В ответ у меня вырвался лишь тяжелый вздох.

- Ты тяпкой бей между лентами, - подсказал Седой, - а в ленте старайся вырывать траву руками и с корнем, - все реже потом расти будет...

- И не бойся опускаться на карачки, - наставлял и Беззубый. - Стоя, долго не выдержишь - ползи, а главное - хвост держи морковкой.

Оба дымили толстенными самокрутками. У меня пока был небольшой запас дешевых сигарет. С куревом нарастала напряженка. Черт знает, куда подевались дешевые сигареты, а если и продавались, то их уже дешевыми не назовешь. Зато на рынках Ставрополя неизвестно откуда появились мужики и бабы с чувалами табака и продавали его стаканами и банками. В то же время появились продавцы деревянных трубок. Народ быстро перестраивался, шел, так сказать, в ногу со временем за своими амбициозными правителями.

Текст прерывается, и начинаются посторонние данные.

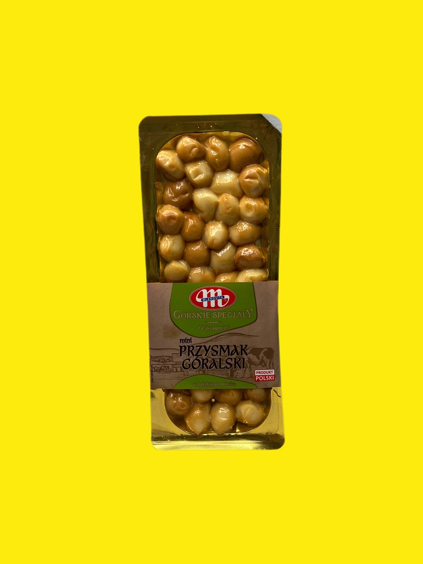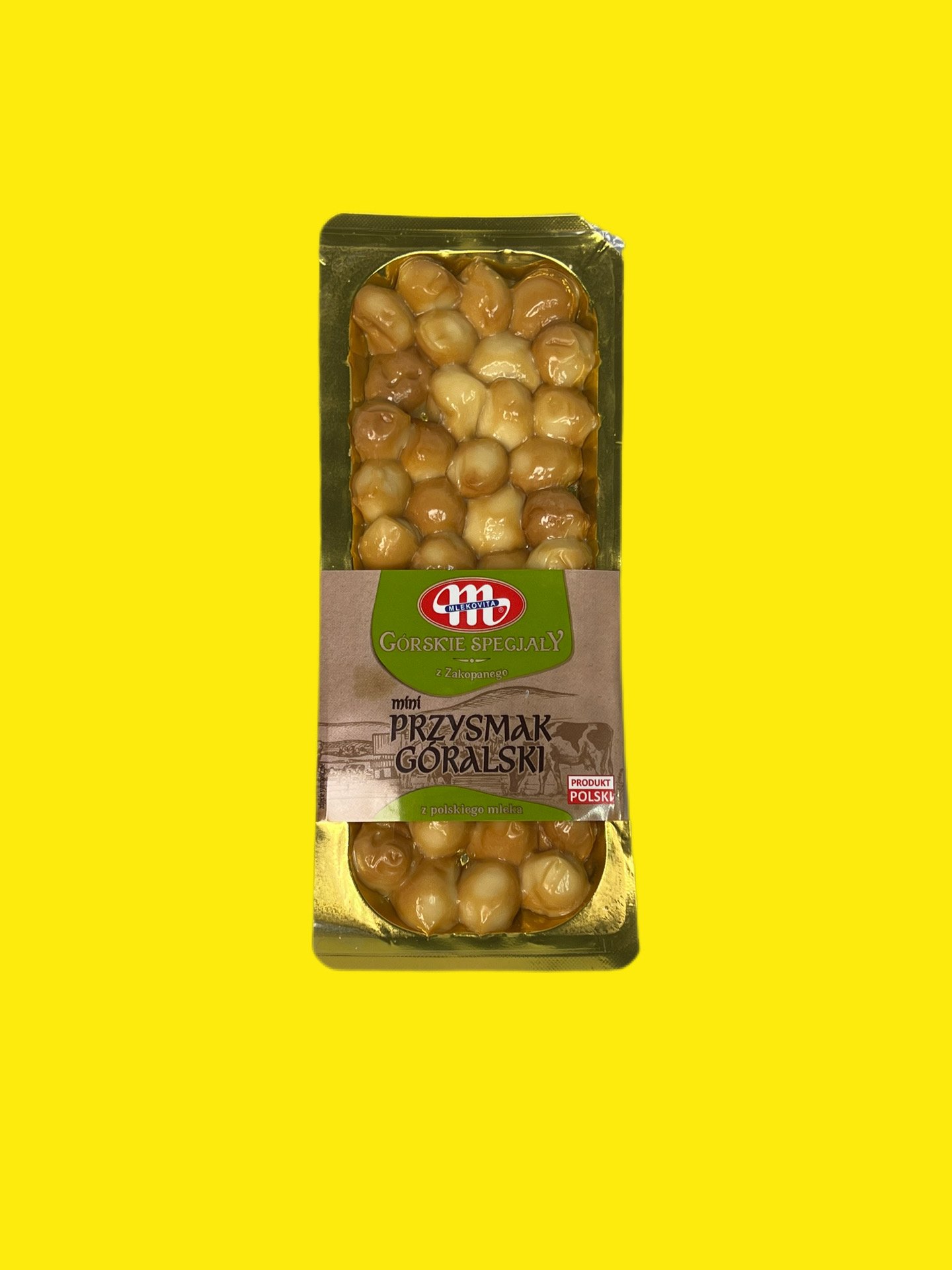 Сир копчений міні- кулька – це традиційний польський сир у формі міні-кульок, виготовлений з високоякісного пастеризованого коров’ячого молока та копчений для надання характерного аромату. Він ідеально підходить для сирних тарілок, грилю, салатів або як самостійна закуска.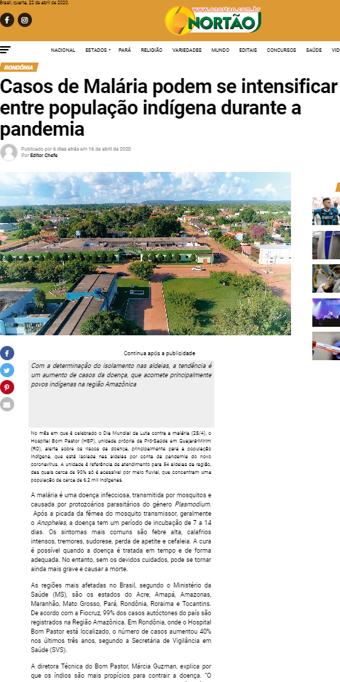 O Nortão – Hospital Bom Pastor alerta sobre possível aumento de casos malária entre população indígena durante a pandemia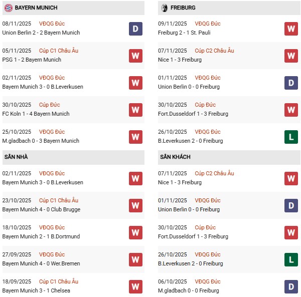 - Trên sân nhà, Bayern Munich thắng 8, thua 1 trước Freiburg.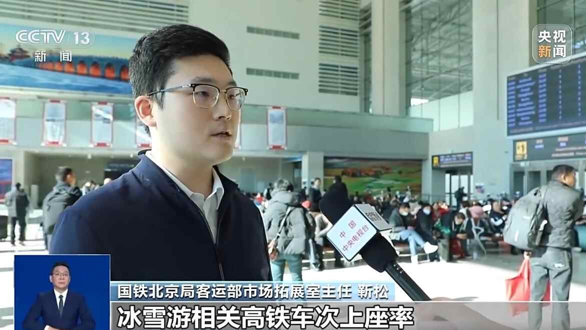 国铁北京局客运部市场拓展室主任 靳松:目前,京津冀地区前往东北的冰雪游相关高铁车次上座率较去年同期提升9.5%,京津冀至崇礼方向周末高铁客流同比增长11.2%。我们正与地方文旅部门、雪场合作,研究“车票+雪场套票”等新产品,进一步激活冬季旅游市场潜力。

После перекура я последовал советам моих соседей. Где на корточках, а где и на карачках продолжил работу. Дело пошло спорее. Спина теперь почти не болела, зато огнем горели колени - кочек на поле хватало.

До обеда мне удалось одолеть метров двести одной ленты. Мои же соседи были на середине километрового поля. А что же Моряк? Не прошло и часа с начала работы, Моряк умчался на своей машине в сторону стана и вскоре вернулся с парой коротких тяпочек.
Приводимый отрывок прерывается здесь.